Former Let’s Wrestle frontman Wesley Gonzalez follows up, no, grapples *ahem* with second solo product ‘Appalling Human’ another offering of cheeringly cynical, both eyes-half-cocked, brow-arched ode-codes and self-help ill-osophies. This collection is his ‘post-therapy’ (a)musings - his breakdown is now a remade-up - that sees him shed his dead skin, nail his ghosts to history’s coffin, his past is passé as he emerges into a new dawn, day and destiny.

Imagine this: What if ex-Beatle John Lennon had instead of being brutally slain in 1980 had instead walked away with a bullet graze, a near-miss that allowed the sarky Scouser to capitalise on that evening’s events and signpost a new decade for him and popular culture. And who knows, Mark Chapman might finally have finished reading ‘The Catcher in the Rye’.

Free your mind games: As the history books show, earlier that night Lennon had played skronking, screeching guitar on Yoko Ono’s still contemporary single ’Walking on broken glass’ and in a counterfactual concept (such as this) the weird and warped sounds of that song with its dissonant dance-flaw disco suggest a what could’ve, might’ve and should’ve been for the once Fab man. Here, the synths all sound a bit awry, slightly off-key which when augmented by jerky-perky beat(le)ings *coughs* and mangled noir-funk bass guitars (in the vein of Arthur Russell or John Maus) creates a resonant eminence for these ‘strange days, indeed’.

Doubly fantastical: Anyway, to cut a long story short, this album from Wesley Gonzalez is a glimpse into that conceit. Displaying similar anxieties (‘crippled inside’ without being needy and cloying) Gonzalez is far too knowing and aware to be oh so literal, no, his words, his phrasing, his tonal timbre, his patient pacing, phrasing and pausing between enunciation, even his song titles (‘Wind your neck in’, ‘Did you get what you paid for?’, ‘Friend at first’) are a masterclass in saying something and everything yet really giving nothing away.

On the diptych of ‘Fault of the family’ (‘and sorry is just a word … haven’t you heard?’) and ‘Fault in your design’ (‘a difficult man, a man who was truly hard to love, but, in a way I was cut from the same cloth’) he cryptically assigns the blame to nature and/or nurture. It’s not me, it’s all of you. Or is it all of me?
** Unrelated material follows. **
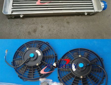 Front Mount Aluminum turbo Intercooler 600x300x70mm same side 76mm In/Out & FANS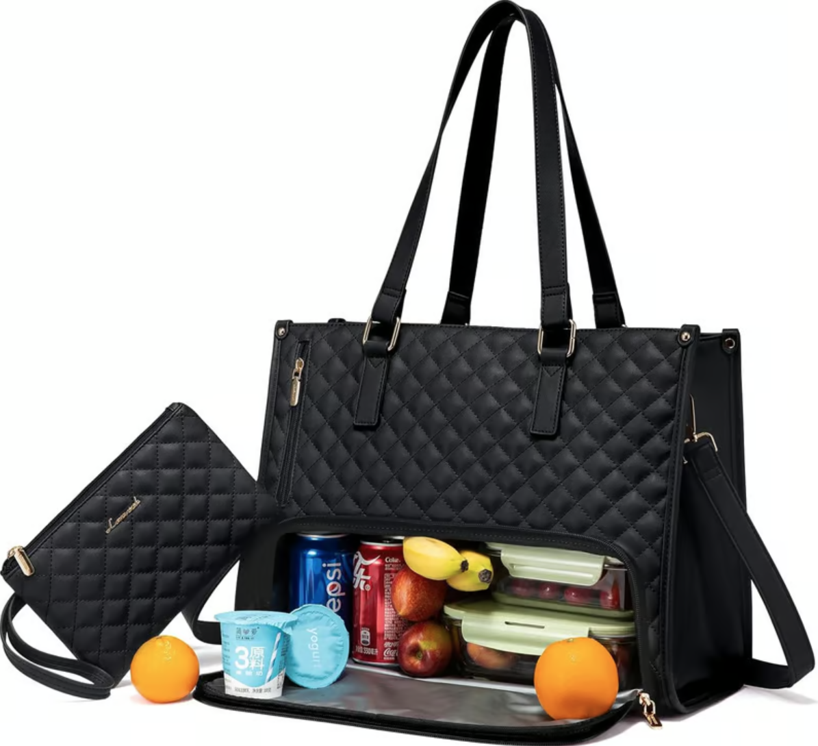 Lunch Tote Bag for Women - 15.6 Inch Laptop Bag with Insulated Lunch Compartment, Quilted Large Capacity Computer Handbag

Oh, and like the aforementioned Lennon he’s funnily scabrous too. He picks his targets, steadies the crosshairs, takes aim and lets it all flood out.

Zealous Guy: On the emotionally upfront ‘Come through and see me’ he dismisses A.N. Other with ‘You ain’t as smart as YOU think, son … Get Back’* the disdain is clear for all to feel, who, what and where the ire is aimed at is in the ears of the listener. I’m placing all me chips on some head-shrink who attempted to rewire patient Gonzalez.

Now do you sleep: Another touchstone (thematically and schematically) on this album is Tears for Fears, whose ‘Songs from the Big Chair’ from 1985 also dealt with the frailties of the (funda)mental faculties to resounding effect.

Wesley Gonzalez wants you to know that he’s alright and this is his way of telling you.

*Yes, but, that’s a Paul Macca composition.